(Dataset excerpts)
════════
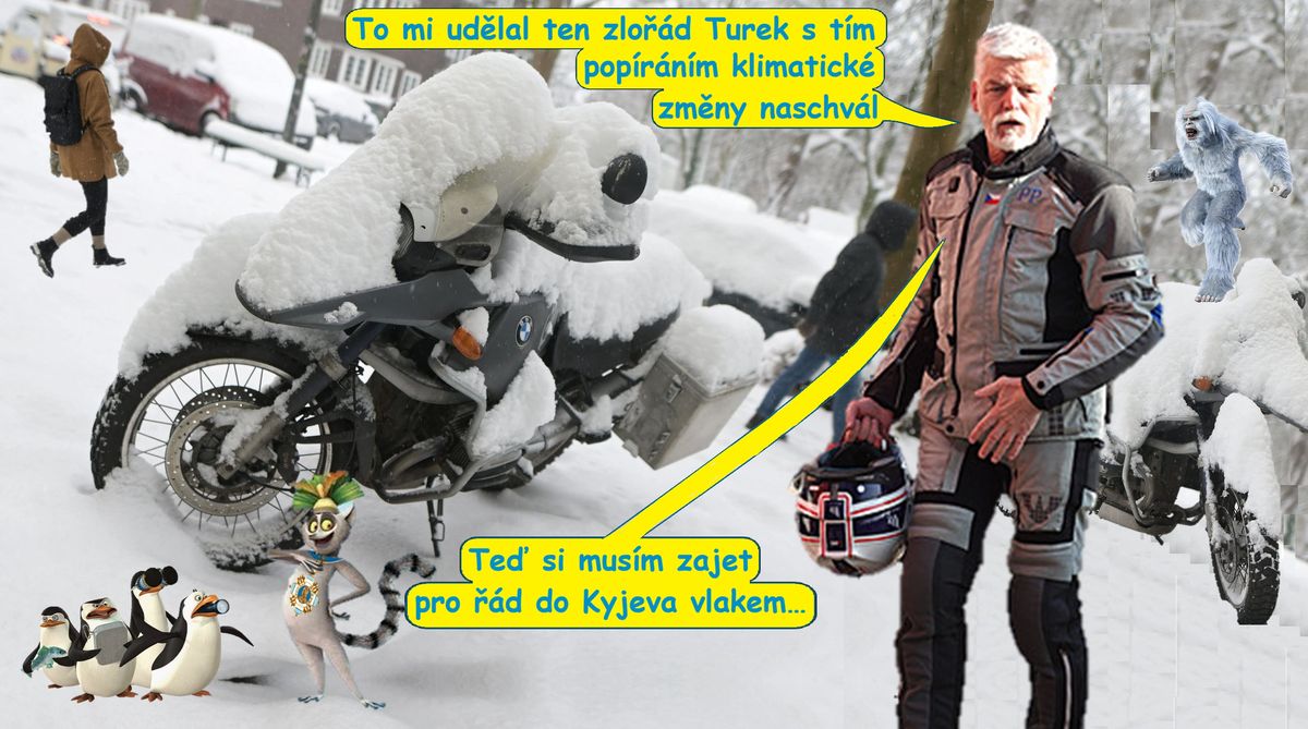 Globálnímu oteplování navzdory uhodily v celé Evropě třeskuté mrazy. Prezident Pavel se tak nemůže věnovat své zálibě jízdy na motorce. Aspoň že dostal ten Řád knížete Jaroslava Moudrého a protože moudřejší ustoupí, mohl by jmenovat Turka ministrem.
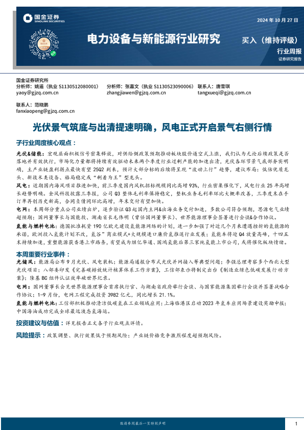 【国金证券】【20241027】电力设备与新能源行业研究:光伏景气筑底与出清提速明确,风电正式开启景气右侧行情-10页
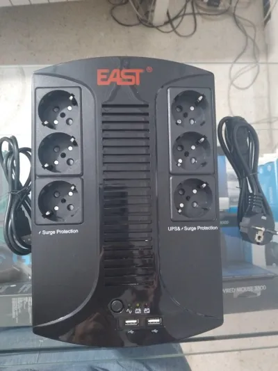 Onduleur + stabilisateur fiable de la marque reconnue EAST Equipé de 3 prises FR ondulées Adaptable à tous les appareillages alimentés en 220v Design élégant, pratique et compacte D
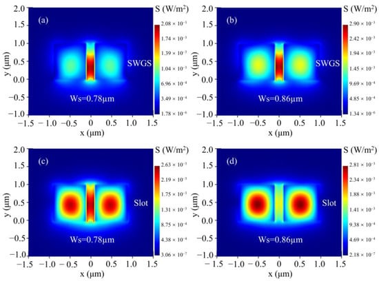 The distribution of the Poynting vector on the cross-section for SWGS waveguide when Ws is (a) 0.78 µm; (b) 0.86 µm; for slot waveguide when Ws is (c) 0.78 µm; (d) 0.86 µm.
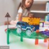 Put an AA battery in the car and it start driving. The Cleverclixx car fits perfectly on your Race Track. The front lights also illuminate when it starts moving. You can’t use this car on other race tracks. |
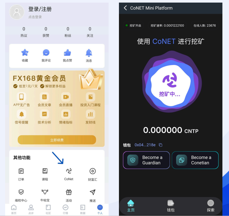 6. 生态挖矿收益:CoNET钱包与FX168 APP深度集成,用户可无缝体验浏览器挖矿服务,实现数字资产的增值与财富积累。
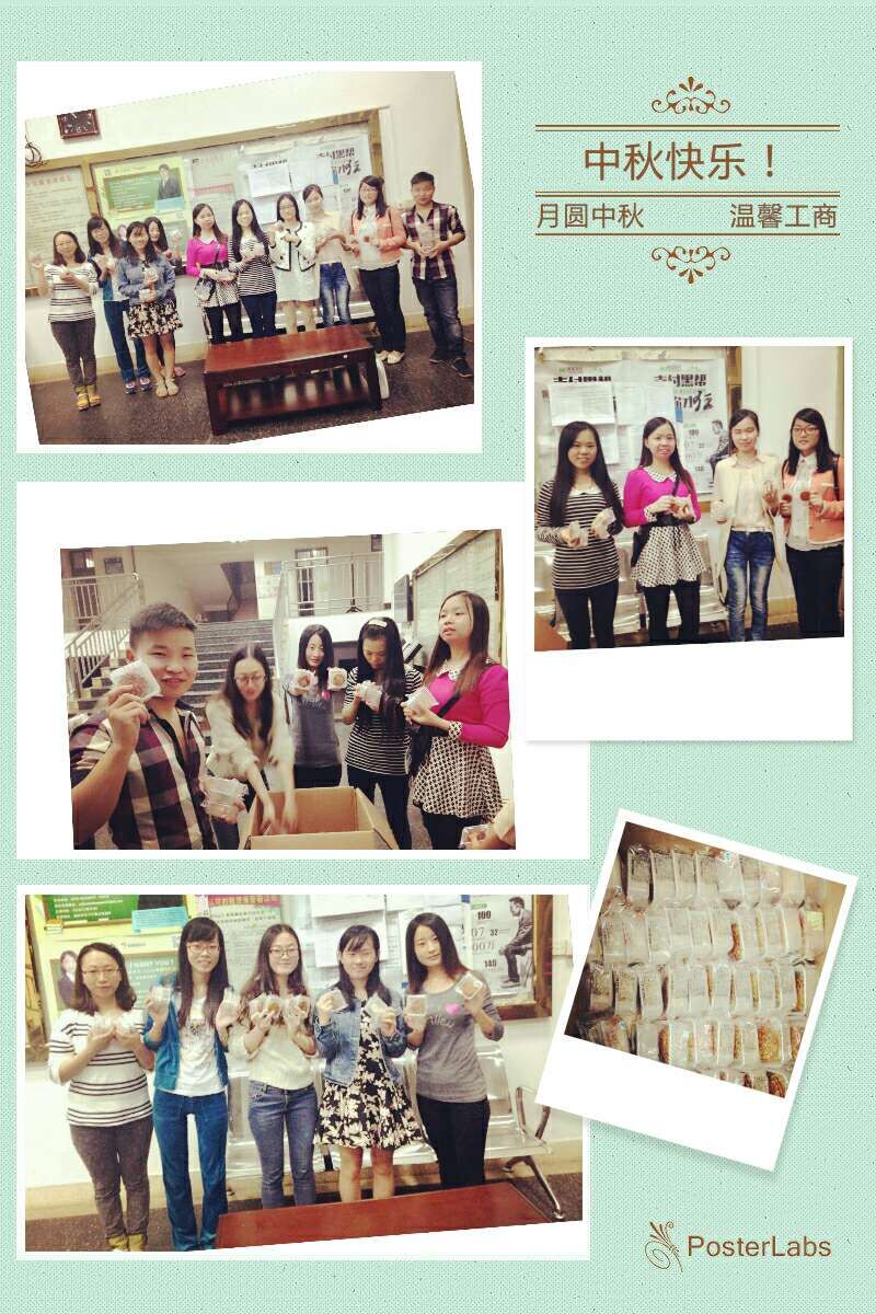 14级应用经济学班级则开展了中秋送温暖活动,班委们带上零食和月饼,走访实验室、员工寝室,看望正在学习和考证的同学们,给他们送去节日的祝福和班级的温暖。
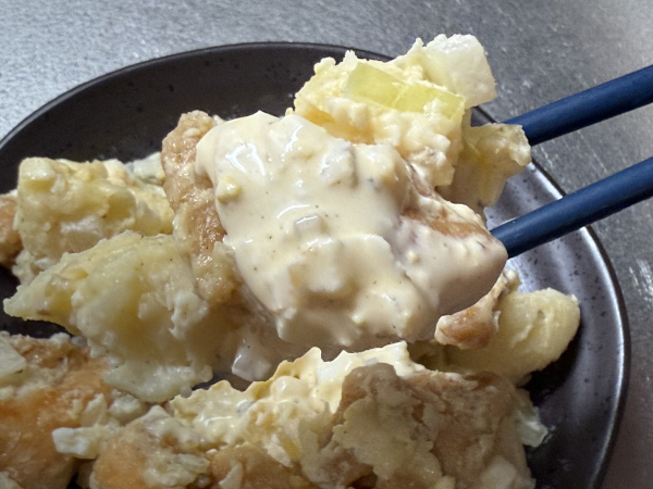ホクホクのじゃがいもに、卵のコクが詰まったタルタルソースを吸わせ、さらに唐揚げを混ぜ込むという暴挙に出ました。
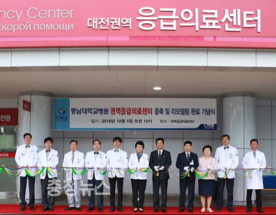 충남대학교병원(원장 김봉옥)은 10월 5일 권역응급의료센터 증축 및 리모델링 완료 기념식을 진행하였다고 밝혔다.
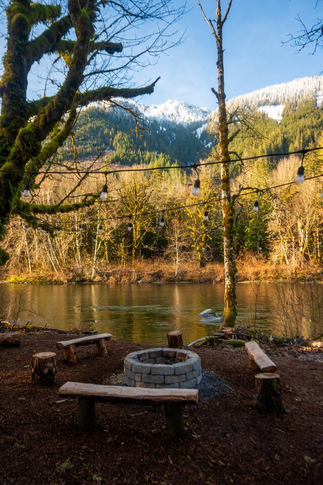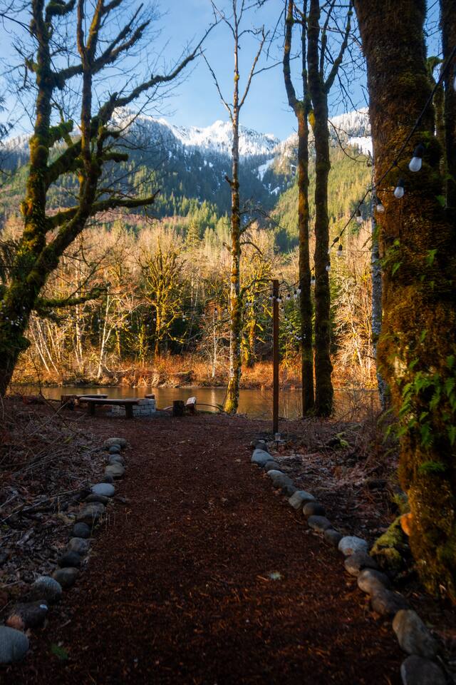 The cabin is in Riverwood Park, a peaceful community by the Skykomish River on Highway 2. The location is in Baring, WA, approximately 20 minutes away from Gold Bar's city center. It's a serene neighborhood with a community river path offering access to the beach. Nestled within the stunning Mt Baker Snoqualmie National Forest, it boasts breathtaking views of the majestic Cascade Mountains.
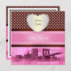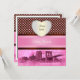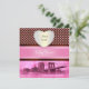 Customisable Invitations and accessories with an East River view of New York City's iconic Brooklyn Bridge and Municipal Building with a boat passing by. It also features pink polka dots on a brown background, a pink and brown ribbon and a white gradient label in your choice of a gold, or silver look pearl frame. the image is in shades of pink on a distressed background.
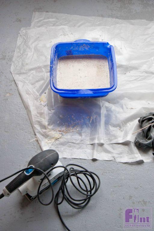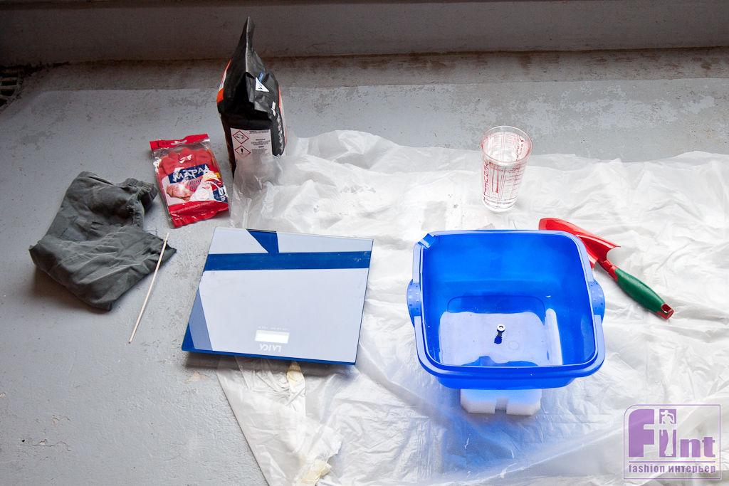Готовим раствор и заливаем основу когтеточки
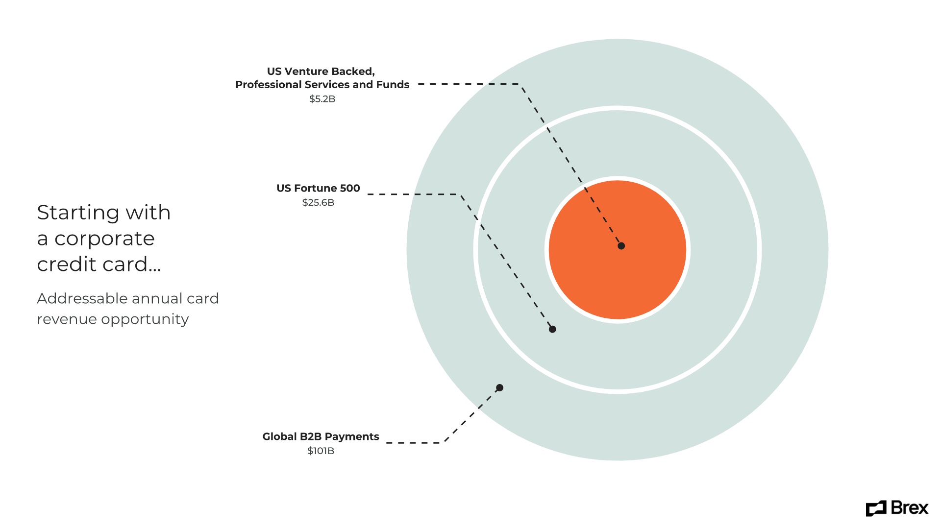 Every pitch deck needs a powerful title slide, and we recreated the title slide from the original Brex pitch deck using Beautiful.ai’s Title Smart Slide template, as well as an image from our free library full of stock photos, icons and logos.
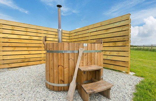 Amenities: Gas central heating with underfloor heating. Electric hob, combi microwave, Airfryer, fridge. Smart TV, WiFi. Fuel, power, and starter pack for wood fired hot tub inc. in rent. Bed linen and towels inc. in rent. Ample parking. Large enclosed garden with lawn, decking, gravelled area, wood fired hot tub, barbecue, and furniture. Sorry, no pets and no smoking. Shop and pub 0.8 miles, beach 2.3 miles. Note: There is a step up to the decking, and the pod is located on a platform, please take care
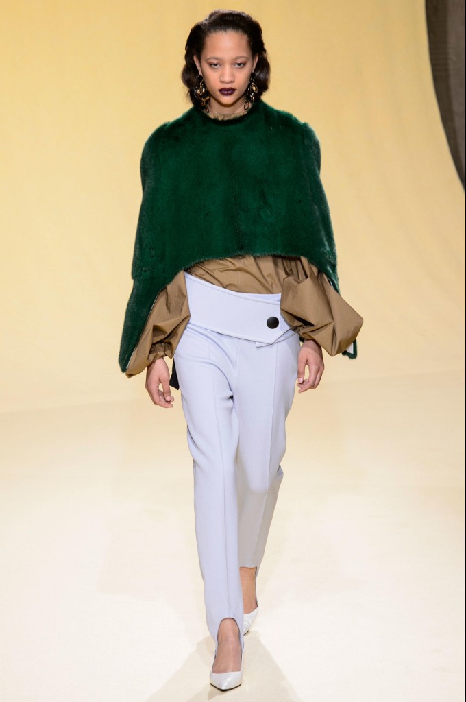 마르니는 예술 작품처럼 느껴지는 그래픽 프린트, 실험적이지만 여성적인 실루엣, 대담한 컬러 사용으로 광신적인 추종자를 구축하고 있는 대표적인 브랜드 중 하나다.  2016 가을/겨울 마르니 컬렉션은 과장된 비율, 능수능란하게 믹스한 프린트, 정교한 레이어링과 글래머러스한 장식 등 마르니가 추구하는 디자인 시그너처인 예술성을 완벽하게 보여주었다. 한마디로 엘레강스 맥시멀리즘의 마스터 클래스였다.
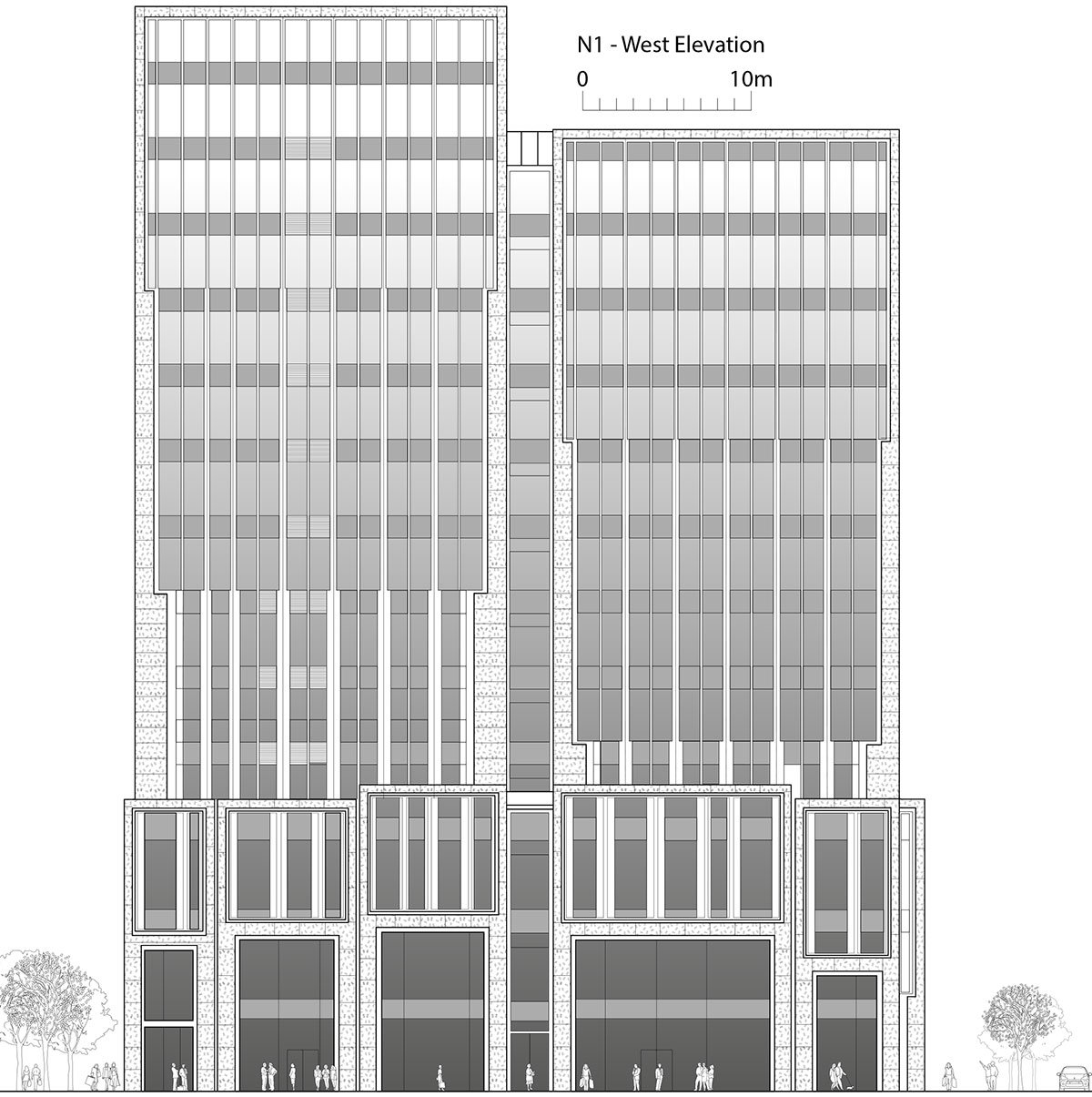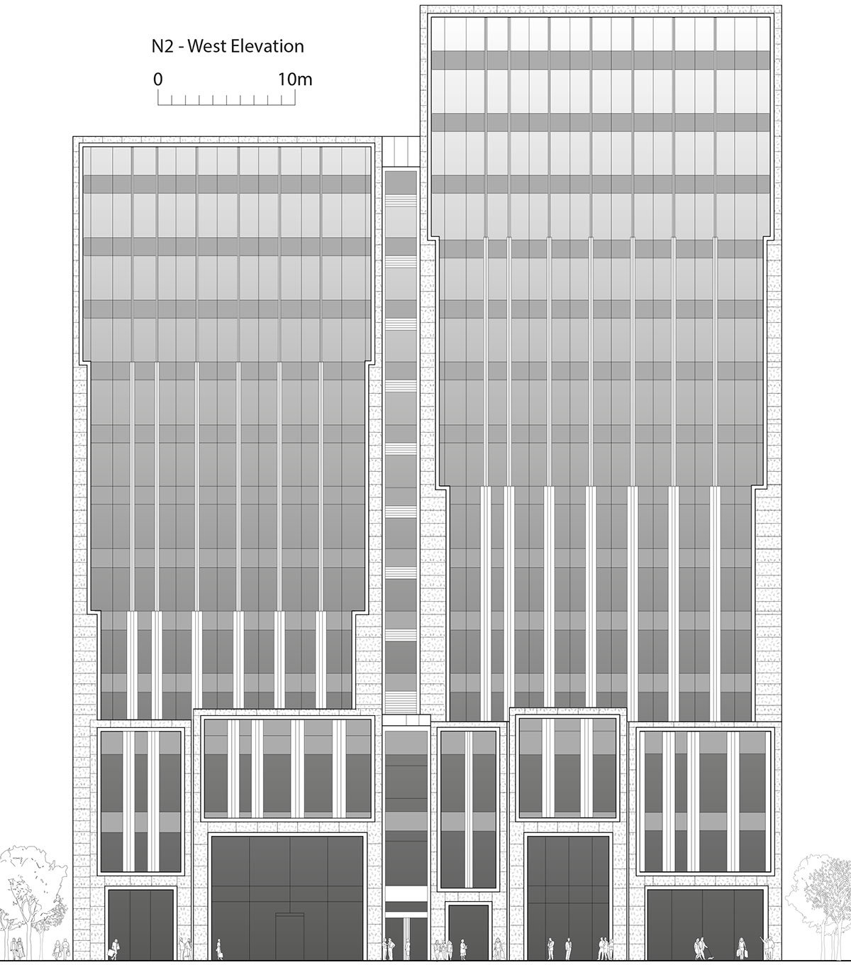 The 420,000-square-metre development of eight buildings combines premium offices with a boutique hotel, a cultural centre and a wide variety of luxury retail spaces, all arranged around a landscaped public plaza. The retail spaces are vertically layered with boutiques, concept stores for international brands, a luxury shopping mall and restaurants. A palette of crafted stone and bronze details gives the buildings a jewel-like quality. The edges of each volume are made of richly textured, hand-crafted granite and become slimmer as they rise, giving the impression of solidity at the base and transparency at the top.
════════
Directions: The entries above, every one of them, should be retyped exactly, with no pictures carried over.

Answer section:
 Globálnímu oteplování navzdory uhodily v celé Evropě třeskuté mrazy. Prezident Pavel se tak nemůže věnovat své zálibě jízdy na motorce. Aspoň že dostal ten Řád knížete Jaroslava Moudrého a protože moudřejší ustoupí, mohl by jmenovat Turka ministrem.
 【国金证券】【20241027】电力设备与新能源行业研究:光伏景气筑底与出清提速明确,风电正式开启景气右侧行情-10页
 Onduleur + stabilisateur fiable de la marque reconnue EAST Equipé de 3 prises FR ondulées Adaptable à tous les appareillages alimentés en 220v Design élégant, pratique et compacte D
 The distribution of the Poynting vector on the cross-section for SWGS waveguide when Ws is (a) 0.78 µm; (b) 0.86 µm; for slot waveguide when Ws is (c) 0.78 µm; (d) 0.86 µm.
 Put an AA battery in the car and it start driving. The Cleverclixx car fits perfectly on your Race Track. The front lights also illuminate when it starts moving. You can’t use this car on other race tracks. |
 6. 生态挖矿收益:CoNET钱包与FX168 APP深度集成,用户可无缝体验浏览器挖矿服务,实现数字资产的增值与财富积累。
 14级应用经济学班级则开展了中秋送温暖活动,班委们带上零食和月饼,走访实验室、员工寝室,看望正在学习和考证的同学们,给他们送去节日的祝福和班级的温暖。
ホクホクのじゃがいもに、卵のコクが詰まったタルタルソースを吸わせ、さらに唐揚げを混ぜ込むという暴挙に出ました。
 충남대학교병원(원장 김봉옥)은 10월 5일 권역응급의료센터 증축 및 리모델링 완료 기념식을 진행하였다고 밝혔다.
 The cabin is in Riverwood Park, a peaceful community by the Skykomish River on Highway 2. The location is in Baring, WA, approximately 20 minutes away from Gold Bar's city center. It's a serene neighborhood with a community river path offering access to the beach. Nestled within the stunning Mt Baker Snoqualmie National Forest, it boasts breathtaking views of the majestic Cascade Mountains.
 Customisable Invitations and accessories with an East River view of New York City's iconic Brooklyn Bridge and Municipal Building with a boat passing by. It also features pink polka dots on a brown background, a pink and brown ribbon and a white gradient label in your choice of a gold, or silver look pearl frame. the image is in shades of pink on a distressed background.
Готовим раствор и заливаем основу когтеточки
 Every pitch deck needs a powerful title slide, and we recreated the title slide from the original Brex pitch deck using Beautiful.ai’s Title Smart Slide template, as well as an image from our free library full of stock photos, icons and logos.
 Amenities: Gas central heating with underfloor heating. Electric hob, combi microwave, Airfryer, fridge. Smart TV, WiFi. Fuel, power, and starter pack for wood fired hot tub inc. in rent. Bed linen and towels inc. in rent. Ample parking. Large enclosed garden with lawn, decking, gravelled area, wood fired hot tub, barbecue, and furniture. Sorry, no pets and no smoking. Shop and pub 0.8 miles, beach 2.3 miles. Note: There is a step up to the decking, and the pod is located on a platform, please take care
 마르니는 예술 작품처럼 느껴지는 그래픽 프린트, 실험적이지만 여성적인 실루엣, 대담한 컬러 사용으로 광신적인 추종자를 구축하고 있는 대표적인 브랜드 중 하나다.  2016 가을/겨울 마르니 컬렉션은 과장된 비율, 능수능란하게 믹스한 프린트, 정교한 레이어링과 글래머러스한 장식 등 마르니가 추구하는 디자인 시그너처인 예술성을 완벽하게 보여주었다. 한마디로 엘레강스 맥시멀리즘의 마스터 클래스였다.
 The 420,000-square-metre development of eight buildings combines premium offices with a boutique hotel, a cultural centre and a wide variety of luxury retail spaces, all arranged around a landscaped public plaza. The retail spaces are vertically layered with boutiques, concept stores for international brands, a luxury shopping mall and restaurants. A palette of crafted stone and bronze details gives the buildings a jewel-like quality. The edges of each volume are made of richly textured, hand-crafted granite and become slimmer as they rise, giving the impression of solidity at the base and transparency at the top.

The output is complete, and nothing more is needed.